For example, events e4 and e9 violate lock semantics, event e6 violates the condition
that thread T1 is not fully completed.

As before, we write B-join(T1), B-acq(L2) and B-acq(L1) to indicate that these events
are "blocked" and cannot be added to the trace.

e9.                         B-acq(L1)
e4.             B-acq(L2)
e6. B-join(T1)

The above is an example of a cross-thread critical section that includes several events due to the fork/join dependency. However, the computation of lock dependencies is agnostic to cross-thread critical sections. This may lead to false negatives as shown above.

Further examples

Go playground

Go-style mutexes behave like semaphores

So far, we assumed that a thread that acquires lock x must also release x. This assumption holds for Java and C++. However, Go-style mutexes behave differently as they act more like semaphores. In Go, the acquire and release of a lock is not tied to a single thread.

Consider the following example.

    T1       T2        T3

1. acq(x)
2.          rel(x)
3.          acq(y)
4.                    rel(y)

Thread T1 acquires lock x but this lock is released by thread T2. A similar observation applies to lock y and threads T2 and T3.

Go-style mutexes pose new challenges for lockgraph based deadlock prediction.

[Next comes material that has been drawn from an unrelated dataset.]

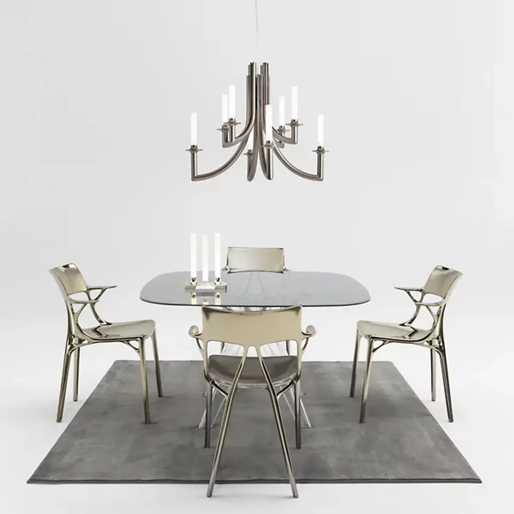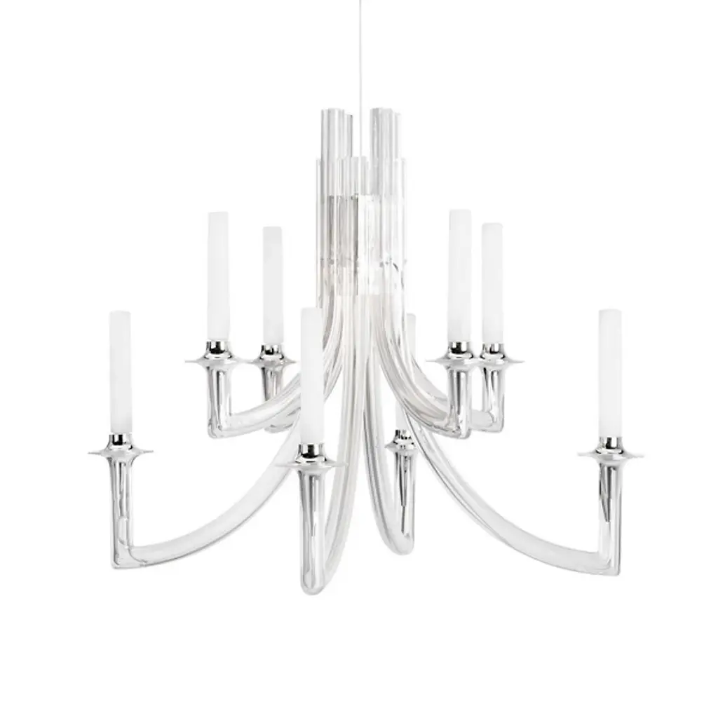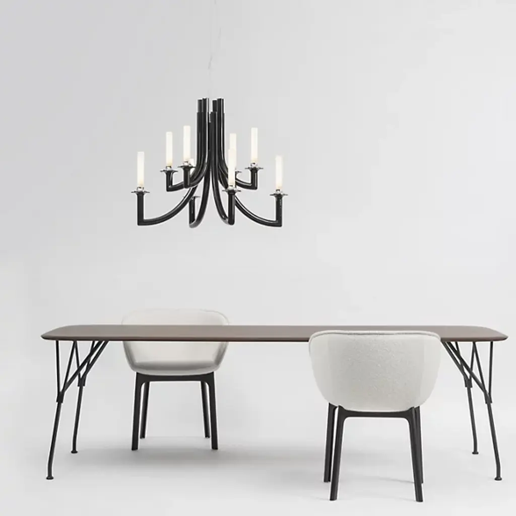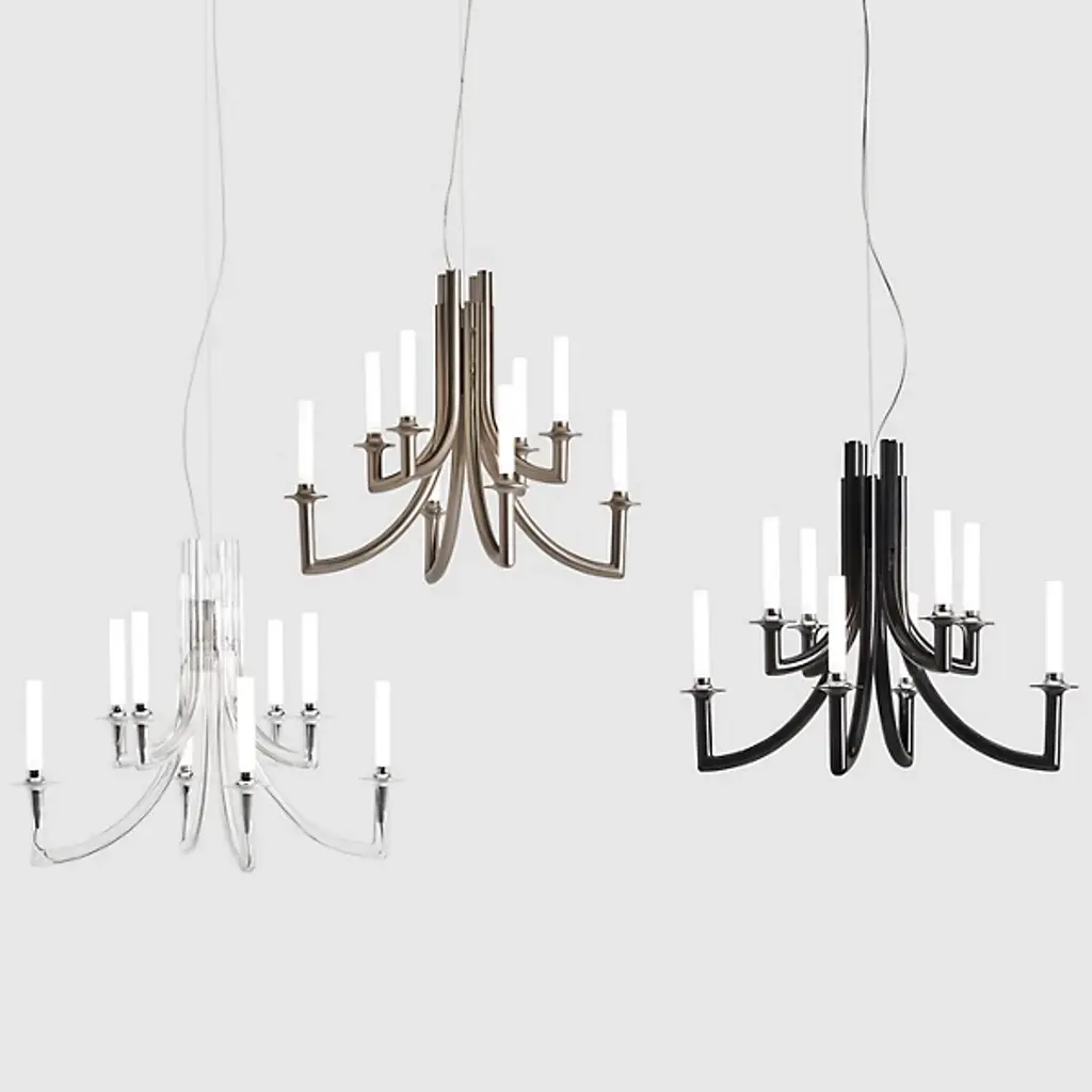 Presented by Kartell, the Khan Chandelier is crafted in Italy, inspired by a fusion of 18th-century eclecticism and contemporary minimalism. Designed by Philippe Starck, a renowned French industrial architect and designer, Khan features a fluid arrangement of metalwork, resulting in a captivating juxtaposition of candelabra arms that extend upwards at right angles to cradle faux candlestick lamping. It also boasts the innovative use of Kartell's polycarbonate 2.0., a groundbreaking material derived from renewable sources in the pulp and paper industry, earning the prestigious ISCC certification.

Consider the following example.

    T1         T2        T3

1.  acq(y)
2.  acq(x)
3.            rel(y)
4.            rel(x)
5.                      acq(x)
6.                      acq(y)
7.                      rel(y)
8.                      rel(x)

If we apply the lockgraph method we find the following graph

y -> x

x -> y

There is a cyclic dependency and therefore we issue a deadlock warning. This is a false positive as there is no valid reordering under which threads T1 and T3 remain stuck.

For example, consider the following reordering.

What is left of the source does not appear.